Today is the day. As I write these exact words, it is 12:40PM on 1/23/2025. I am officially a blogger.
Realistically, I'd like to make a post at least once a week. Granted, I'm not sure who on earth is going to take the time to read these- but they'd still be there. At least for myself. So much happens in life that we just never take the time to talk about. I think that's crazy! I feel as though my brain spends 90% of it's time flying into brick walls at a thousand miles an hour. If I could just get a fraction of those thoughts written down... I believe I'd be a lot more functional.
I mean, what's going on in my head right now? Well, I'm thinking about this blog. The millions and millions of words I will pour onto a screen in an attempt to "tetrify" the blocks in my head. I'm thinking about work, how I get out of college at 2 o'clock and have to wait until 4 to clock in. That's some baloney. I can't be mad at my manager for scheduling me so late though. He's a really cool dude. I'm thinking about the lack of gas in my car. Well, not my car. I'm still scooting around in grammas '07 CRV. For over 310,000 miles, she still runs like a beaut! I'm thinking about how our country elected an onion and his Nazi generals into office. I mean, Elon gave the damned Sieg Heil at Trumps inauguration a couple of days ago! Twice!
Now that politics are involved, I can feel my pistons firing. I'm not even that political of a dude. But I'll be damned if I stand here and watch as my brothers and sisters become the victims of fascist rapists. If I had three bullets and every president who ever served in a roo- you get the point. I'm blessed to live in Minnesota. It's one of the few places in this country citizens don't have to fear having the shit kicked out of them for just... existing. I'll be honest. I rooted for Walz when it was announced he would be the VP. I really did want them to win. Was I surprised when they lost? No. Not really. There is no shortage of stupid people in this country. This country... man o' man. I ain't wanna stay.

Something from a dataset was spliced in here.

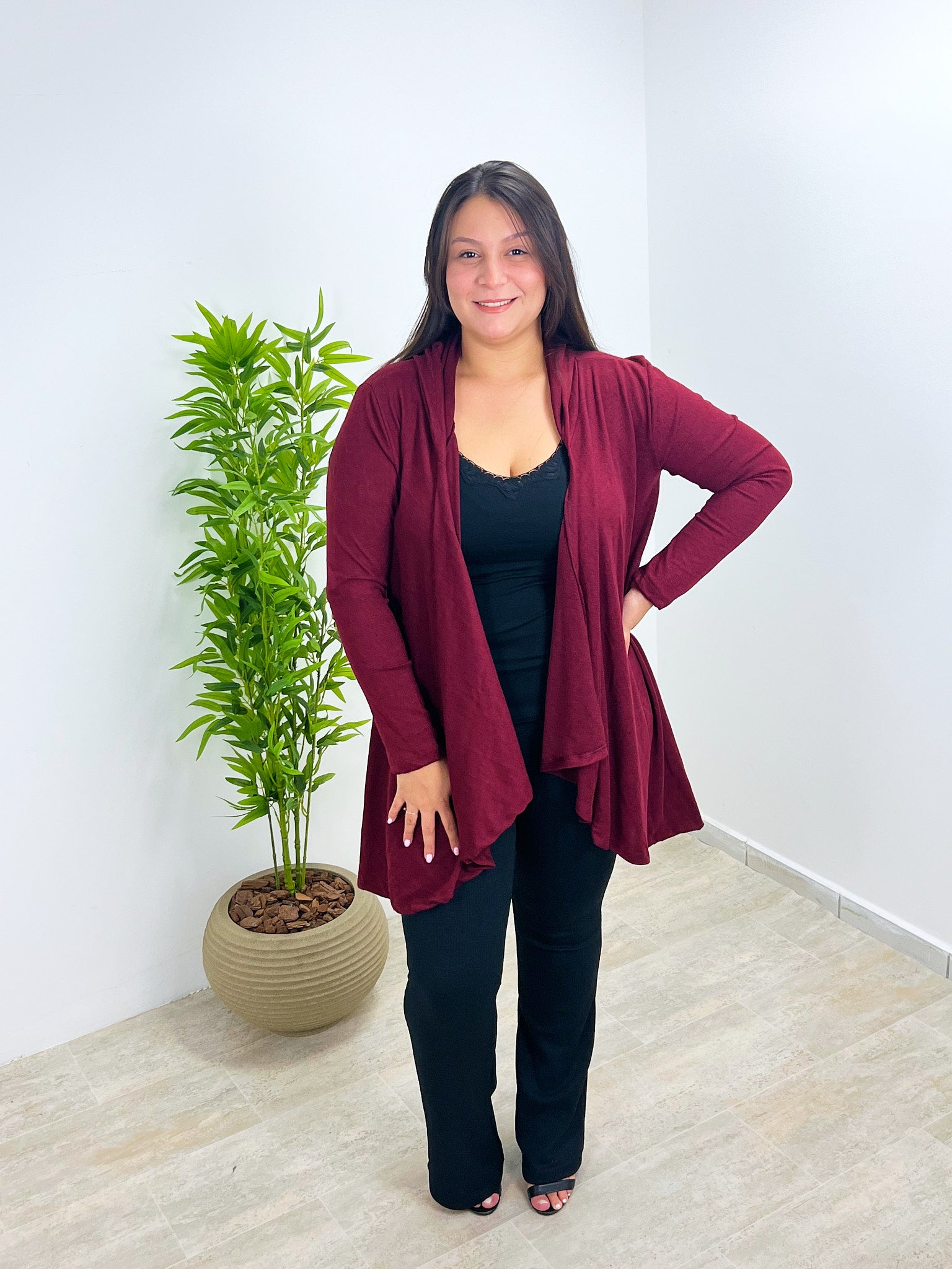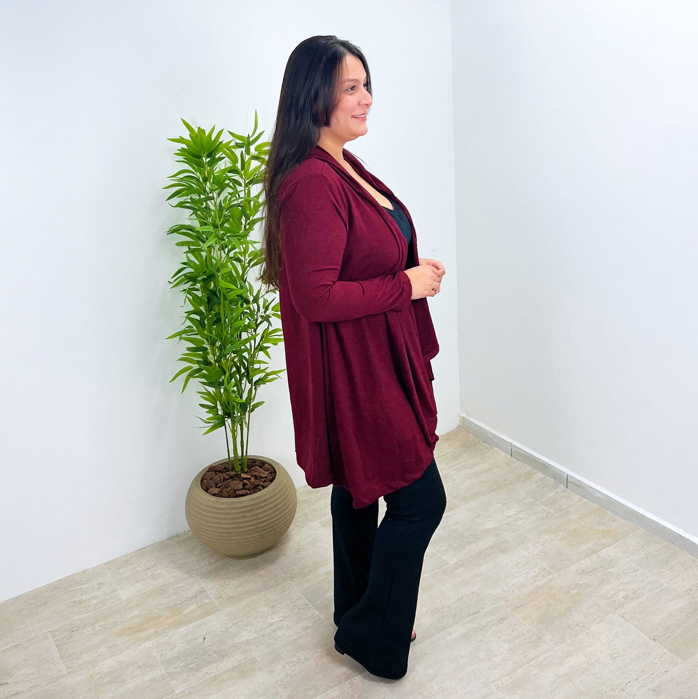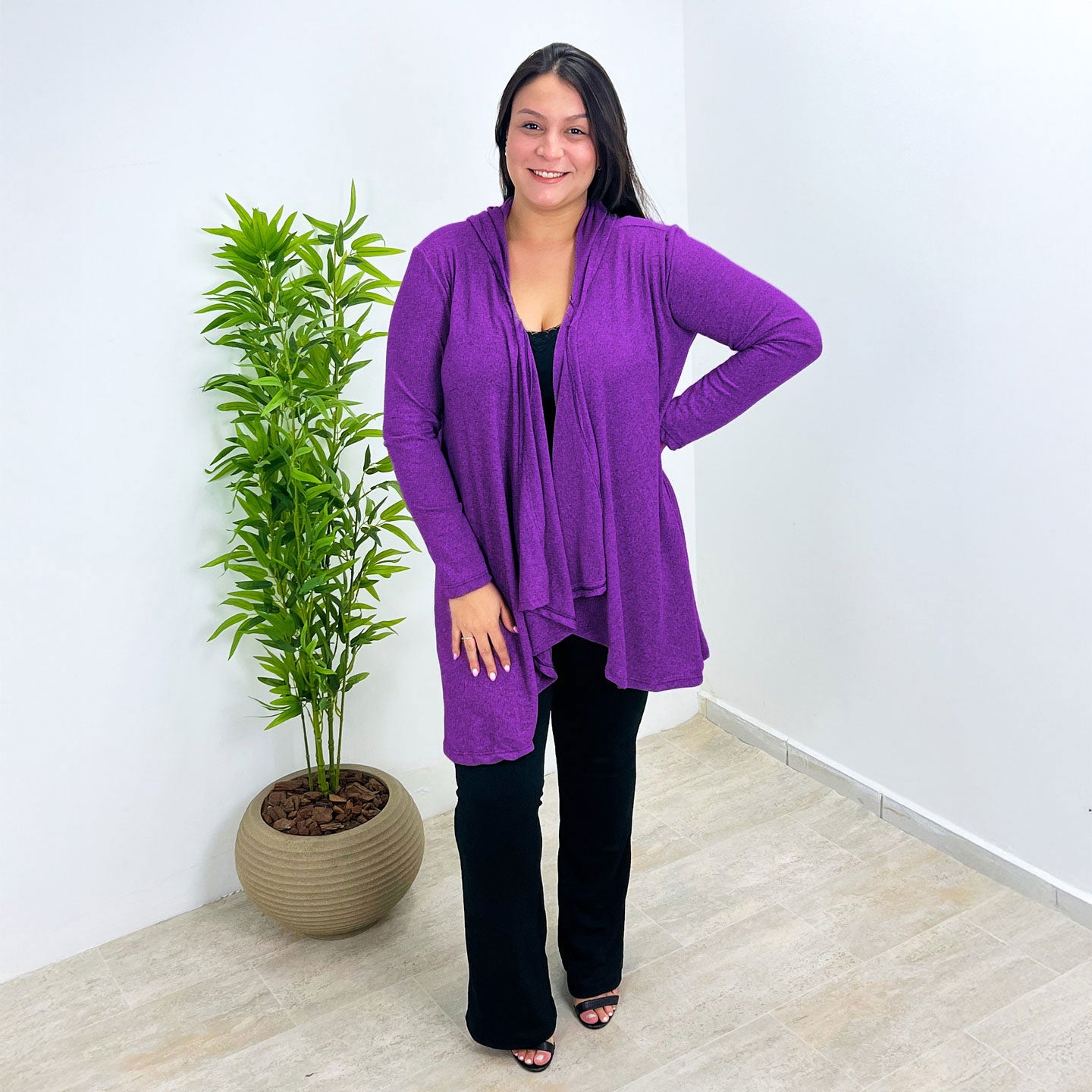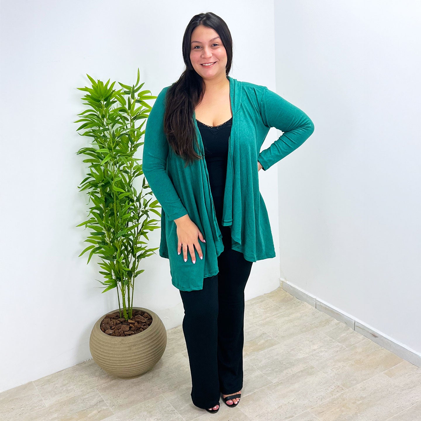 Feito com um toque macio e leve, ele é perfeito para todas as estações. O corte com pontas alongadas valoriza a silhueta, criando um visual moderno e versátil — ideal para usar aberto ou com cinto.

I'm sure I could go on and on about politics. It's not really going to get me anywhere. Especially in my occupation- I'm the minority. A white guy in the trades that believes in freedom of expression of culture and sexuality? They call me a traitor! I don't hit my wife? Traitor! I don't think of other races as inferior? TRAITOR! Back when I worked in Wisconsin, right across the river, it was real bad. All them old timers comin' through tellin' me who I should vote for. The worst part? All I could do is sit there and nod my head. While this slob of a man rolls around on his scooter, tellin' me how "the left is destroyin' this country!" Yeah, sure they are. Nod, nod, nod. "Anything else I can help you with sir?" Man I ought to have just grabbed a pipe wrench and showed him just how bad we can wreck something.

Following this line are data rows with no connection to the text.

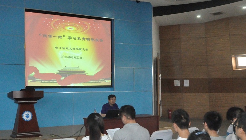本站讯 (通讯员 杨烁)6月22日,按照 《天津大学关于在全体党员中开展“学党章党规、学系列讲话、做合格党员”学习教育的实施意见》要求和部署,信息学院党委书记杨欢在学院报告厅为学生党员讲解“两学一做”专题党课,学院党务秘书赵雪、学院团委副书记刘佳、卫津路校区信息学院学生党支部书记、委员共60余人参加本次学习。
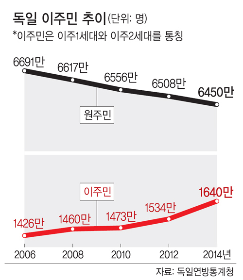 독일연방통계청에 따르면 지난해 기준 전체 이주민은 1711만8000여명으로, 전체 독일인구(8140만4000여명)의 약 21%를 차지한다. 이주민은 이주1세대와 부모가 이주한 이주2세대를 통칭한다.
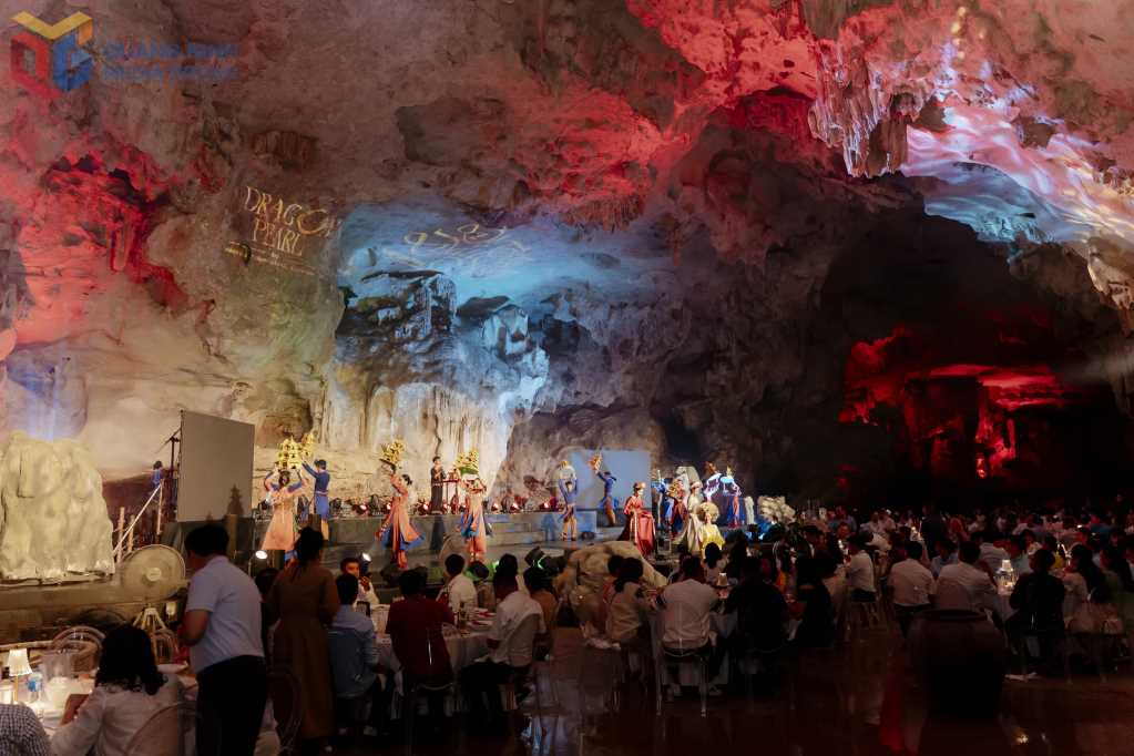 Du khách trải nghiệm show diễn "Đi tìm dấu ngọc" tại hang Ngọc Rồng.

That's another thing. I'm like, the opposite of violent, and oh boy did I get my ass whooped growing up! My step father was all about the way of the fist, and the boot, and the broom... and... yeah, just about whatever he could get his hands on. Growing up in the middle of nowhere- wasn't much I could do about it. I mean yeah, I knew it was wrong. I knew that beatin' kids was against the law. But when some guy three times your size is sitting there with a gun in his hands tellin' ya bout how you go babblin' and he'd shoot ya. Well, you don't really go babblin', do ya? Anyways, point is, people raised like that tend to carry the torch. At least in my experience. My father was never whooped. He's never put his hands on me, not long as I can remember. Granted he missed out in several other spots, I feel he's a good man in heart. Was just never there to show it.
I've got a friend. I want to write about her specifically because I do not think I have ever felt so much hatred for our species as I did when she told me what's happened to her. If they're reading this, I'm sure they know they are. The amount of times people took advantage of her desire to make others feel good. The amount of times the system failed her when she tried to fight for her own justice. If there was ever a time i felt obligated to be violent, it was then. I didn't much ask her about writing this excerpt, so I don't want to go into specifics. Just know I think of a new way every day to take care of people like that.
See what I mean? Just by writing all of this down, I allowed myself to dive deeper into the topic than I would have just in my own mind. I feel like I never really take the time to expand on any individual thought before dropping it and bringing up the next. Hell! I've only written a fraction of what I mean to write. However, I'm writing a blog, not a novel. I feel like I might have to write a blog a day for the first week or so. There's just so much I want to get off of my chest.